Fatty acid 2-Hydroxylation in mammalian sphingolipid biology

Abstract

2-Hydroxy fatty acids (hFA) are important components of a subset of mammalian sphingolipids. The presence of hFA in sphingolipids is best described in the nervous system, epidermis, and kidney. However, the literature also indicates that various hFA-sphingolipids are present in additional tissues and cell types, as well as in tumors. Biosynthesis of hFA-sphingolipids requires fatty acid 2-hydroyxlase, and degradation of hFA-sphingolipids depends, at least in part, on lysosomal acid ceramidase and the peroxisomal fatty acid alpha-oxidation pathway. Mutations in the fatty acid 2-hydroxylase gene, FA2H, have been associated with leukodystrophy and spastic paraparesis in humans, underscoring the importance of hFA-sphingolipids in the nervous system. In the epidermis, hFA-ceramides are essential for the permeability barrier function. Physiological function of hFA-sphingolipids in other organs remains largely unknown. Recent evidence indicates that hFA-sphingolipids have specific roles in cell signaling.

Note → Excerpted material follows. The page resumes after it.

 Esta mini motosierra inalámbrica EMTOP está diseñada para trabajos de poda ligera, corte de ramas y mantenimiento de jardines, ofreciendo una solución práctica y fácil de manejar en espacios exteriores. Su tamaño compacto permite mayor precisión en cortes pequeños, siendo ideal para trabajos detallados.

Keywords: FA2H; Fatty acid 2-hydroxylase; fatty acid alpha-hydroxylase; hydroxy fatty acid; hydroxy sphingolipids.

Fig. 1. Biosynthesis of hFA-sphingolipids

The pathway is identical to biosynthesis of non-hydroxy sphingolipids, except for the fatty acid 2-hydroxylation step. Note that various fatty acids (mostly C₁₆-C₂₄) can be 2-hydroxylated and incorporated into hFA-ceramide. The 2-hydroxyl group is shown in red, and the hydroxyl group at the C-1 position of ceramide to which a head group is transferred is indicated by a red circle. DHC, dihydroceramide; CerS, dihydroceramide synthase; Cer, ceramide; SMS, sphingomyelin synthase; CGT, UDP-galactose: ceramide galactosyltransferase; GCS, UDP-glucose:ceramide glucosyltransferase; GSL, glycosphingolipids.

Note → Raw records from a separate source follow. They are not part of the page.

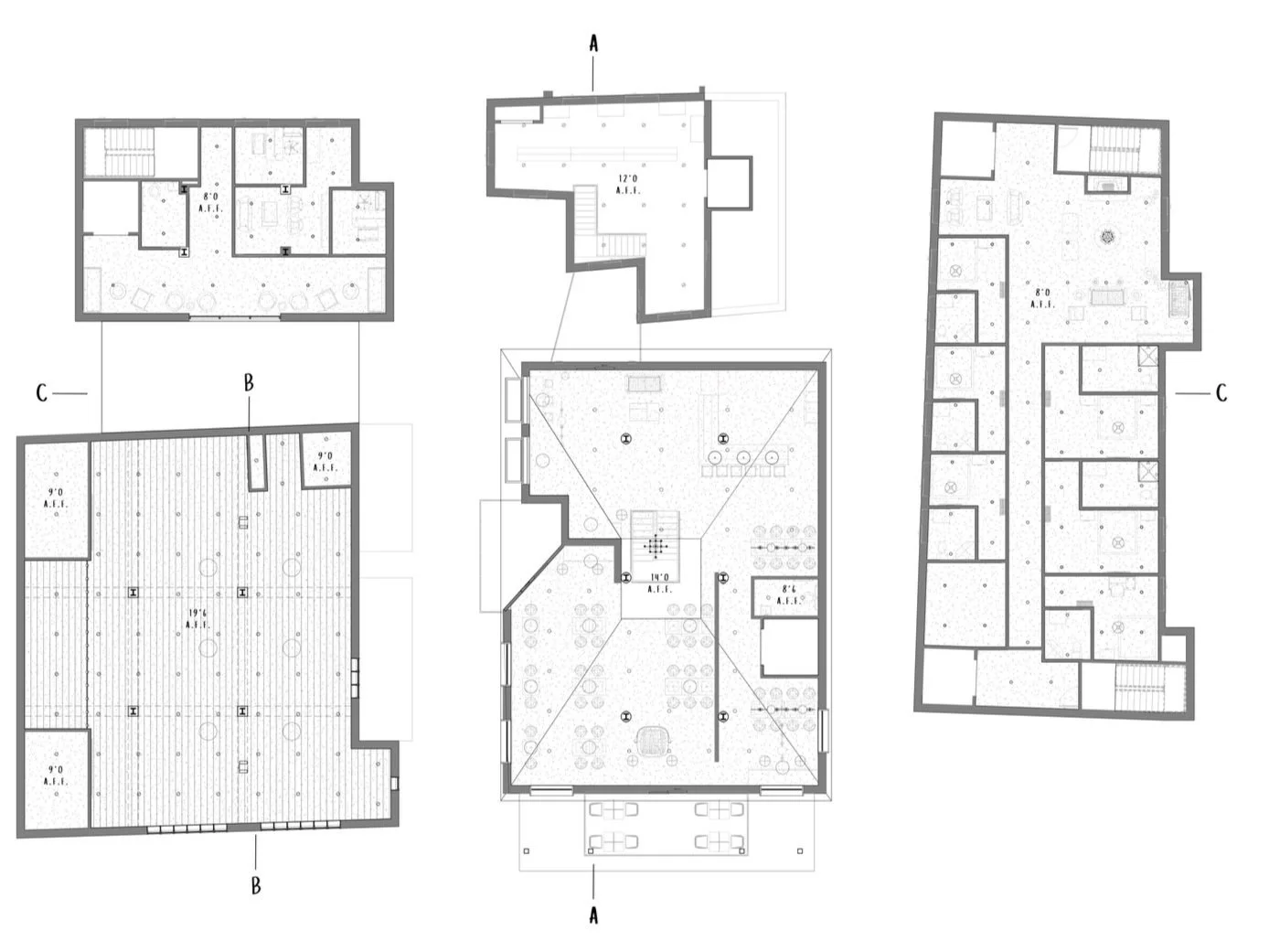 Custom bench is a repeating element throughout the space, providing varied seating and privacy for small groups.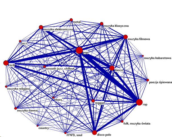 W oparciu o wszystkie zebrane odpowiedzi utworzyłem sieć powiązań pomiędzy gatunkami muzycznymi (gdzie pojedynczą relacją jest słuchanie dwóch gatunków przez tę samą osobę). Wielkość czerwonych kół oznaczających gatunki muzyczne jest proporcjonalna do liczby osób słuchających danego gatunku. Im grubsza linia łączy dwa gatunki, tym silniejsza relacja je łączy. Przykładowo: 800 osób zadeklarowało równocześnie słuchanie popu i rapu. Oznacza to, że pop i rap łączy 800 pojedynczych relacji, co można przedstawić jako jedną relację o wartości 800. Słuchanie popu i muzyki klasycznej zadeklarowało 185 osób, więc gatunki te łączy relacja o sile 185. Sieć powiązań pomiędzy gatunkami prezentuje poniższe ilustracja (rozkład oparty na algorytmie Kamada-Kawai, uwzględnia siłę powiązań pomiędzy gatunkami).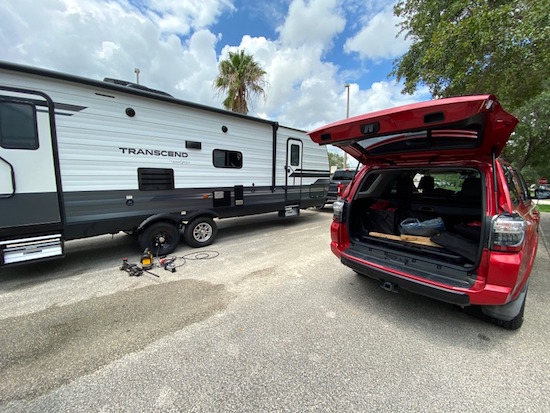 I grabbed a floor jack, cordless impact wrench, large impact socket set, dunnage, a Viair air compressor, a 12V jump pack, tire gauge, a couple of tool bags that live in the Jeep, and headed their way.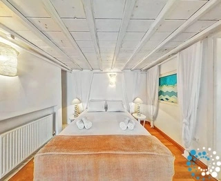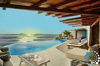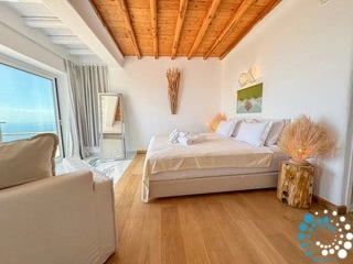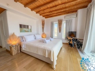 Het complex is gelegen aan de kust, langs de schilderachtige weg van Kastro, ten noordwesten van het eiland en 5 minuten van de nieuwe haven van Tourlos, dichtbij het charmante resort van Agios Stefanos. Ook Beach Houlakia is dichtbij, net als de luchthaven en de haven van Mykonos en Chora (hoofdstad). Deze villa biedt een perfecte uitvalsbasis voor het verkennen van dit meest, betoverende eiland van de Cycladen.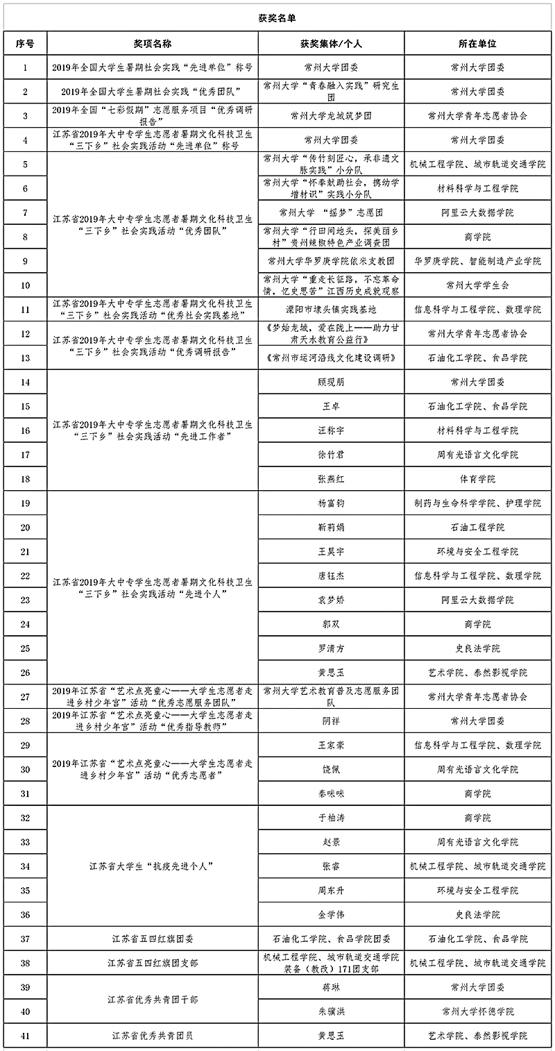 在共青团江苏省委开展的2019年度“江苏省优秀共青团员”“江苏省优秀共青团干部”“江苏省优秀团支部书记”“江苏省五四红旗团委(团支部)评选中,石油化工学院、食品学院团委获评“江苏省五四红旗团委”,机械工程学院、城市轨道交通学院装备(教改)171团支部获评“江苏省五四红旗团支部”,2人获评“江苏省优秀共青团干部”,1人获评“江苏省优秀共青团员”。

Fig. 2. FA2H is a membrane-bound monooxygenase

FA2H (372 aa) consists of two functional domains; the N-terminal cytochrome b₅ domain (1–92 aa) and the C-terminal catalytic domain. The topology of FA2H is postulated based on the topology of microsomal cytochrome b₅ [111] and the yeast FA2H homologue Scs7p [112, 113]. The 8 conserved histidines (H₂₃₄, H₂₃₉, H₂₅₇, H₂₆₀, H₂₆₁, H₃₃₆, H₃₃₉, H₃₄₀) are clustered in the two short segments facing the cytoplasm (shown in red). These histidines are thought to coordinate the non-heme di-iron. The 7 patients with an intronic mutation in the FA2H gene produce aberrant mRNA encoding a protein without the last three transmembrane domains that encompass the putative catalytic site.

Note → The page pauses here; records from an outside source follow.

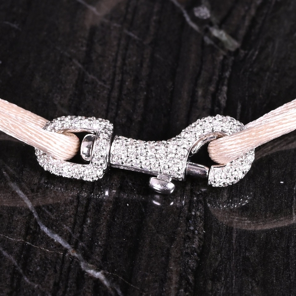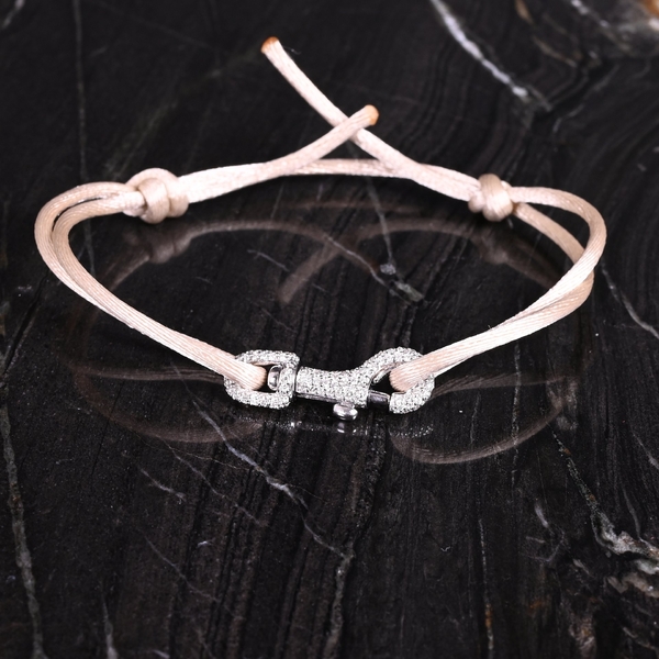 Witgouden sleutelhanger geheel bezet met diamanten aan champagne kleurig koord als armband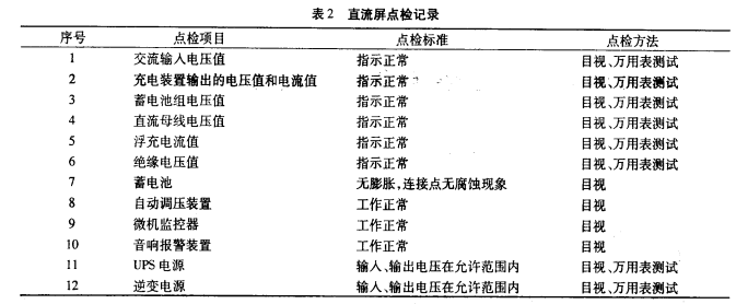 首要需求編制點檢規(guī)范,編制出符合實際出產(chǎn)需求的點檢規(guī)范,使其他點檢者能快速、簡潔執(zhí)行點檢規(guī)范。點檢規(guī)范的內(nèi)容觸及方面比較多,列入點檢辦理規(guī)模的部位也比較多,例如直流屏,溝通輸入電壓值、充電裝置輸出的電壓值和電流值、蓄電池組電壓值、直流母線電壓值、浮充電流值、絕緣電壓值、蓄電池、自動調(diào)壓裝置、微機監(jiān)控器、音響報警裝置、UPS電源、逆變電源等都是關(guān)系到直流屏安全運轉(zhuǎn)的重要參數(shù)及裝置,確定為點檢部位。點檢部位確定后,就要落實點檢內(nèi)容,點檢辦法目前還是以簡單東西、儀器和人的感觀為主的點檢辦法。因而,點檢內(nèi)容首要是查看設(shè)備溫度、電壓、表計指示、工作狀況等方面參數(shù)。直流屏設(shè)備點檢工作首要是以日常點檢為主,定時點檢為輔。日常點檢首要以人的感官為主,經(jīng)過聽、摸、看.擰等辦法對運轉(zhuǎn)中的設(shè)備進行一個外觀的查看。經(jīng)過每日進行的點檢工作,及時發(fā)現(xiàn)設(shè)備存在的危險并消除,使設(shè)備長周期安全運轉(zhuǎn)。由于直流屏的特殊性,展開的直流屏設(shè)備專業(yè)點檢也很重要,點檢辦法以工用具、外表和人的感觀為主的點檢辦法。經(jīng)過定時進行的點檢工作,及時發(fā)現(xiàn)設(shè)備存在的危險并消除,使設(shè)備長周期安全運轉(zhuǎn),見表2。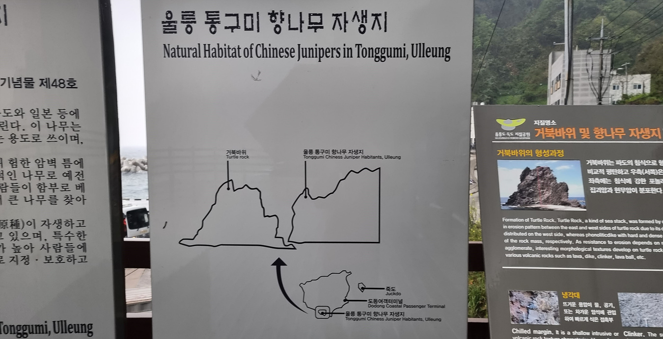 그리고 설명에는 향나무는 울릉도의 대표적인 나무로 예전에는 크고 오래된 나무가 많이 있었어나 사람들이 함부로 베어가서 통구미 자생지는 물론 섬 전체에서 큰 나무를 찾아 보기 어렵다고 했다,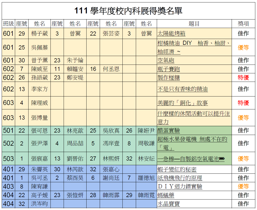 附件是111學年度校內科展競賽得獎名單,恭喜得獎的學生!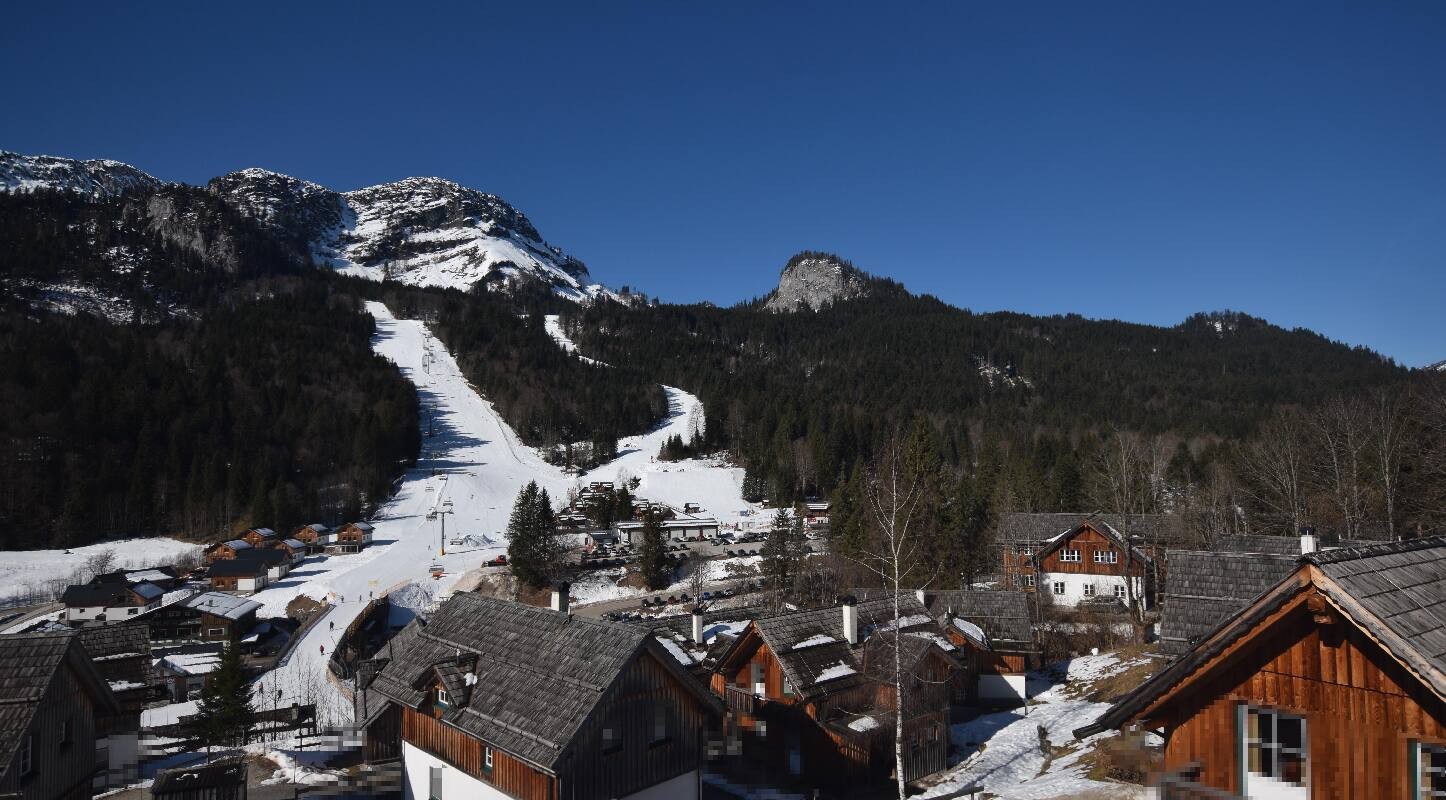 The camera looks from the Hagan Lodge near Altaussee to the 6-seater chairlift Sandling-Jet and the kids' area in the Loser ski resort.

Fig. 3. Degradation of hFA-sphingolipids

Endocytosed sphingolipids are first hydrolyzed by lysosomal hydrolases to ceramide. hFA-ceramide is hydrolyzed by acid ceramidase with the assistance of saposin D. Currently, there is no direct evidence for the recycling of hFA via a salvage pathway. The only known degradation pathway of hFA is the peroxisomal α-oxidation pathway, in which one-carbon cleavage of even-chain fatty acids (C_2n) generates odd-chain fatty acids (C_2n-1). How hFA is transported from the lysosome to peroxisome is not known. SL, sphingolipids; Sph, sphingosine; DHC, dihydroceramide; CerS, dihydroceramide synthase.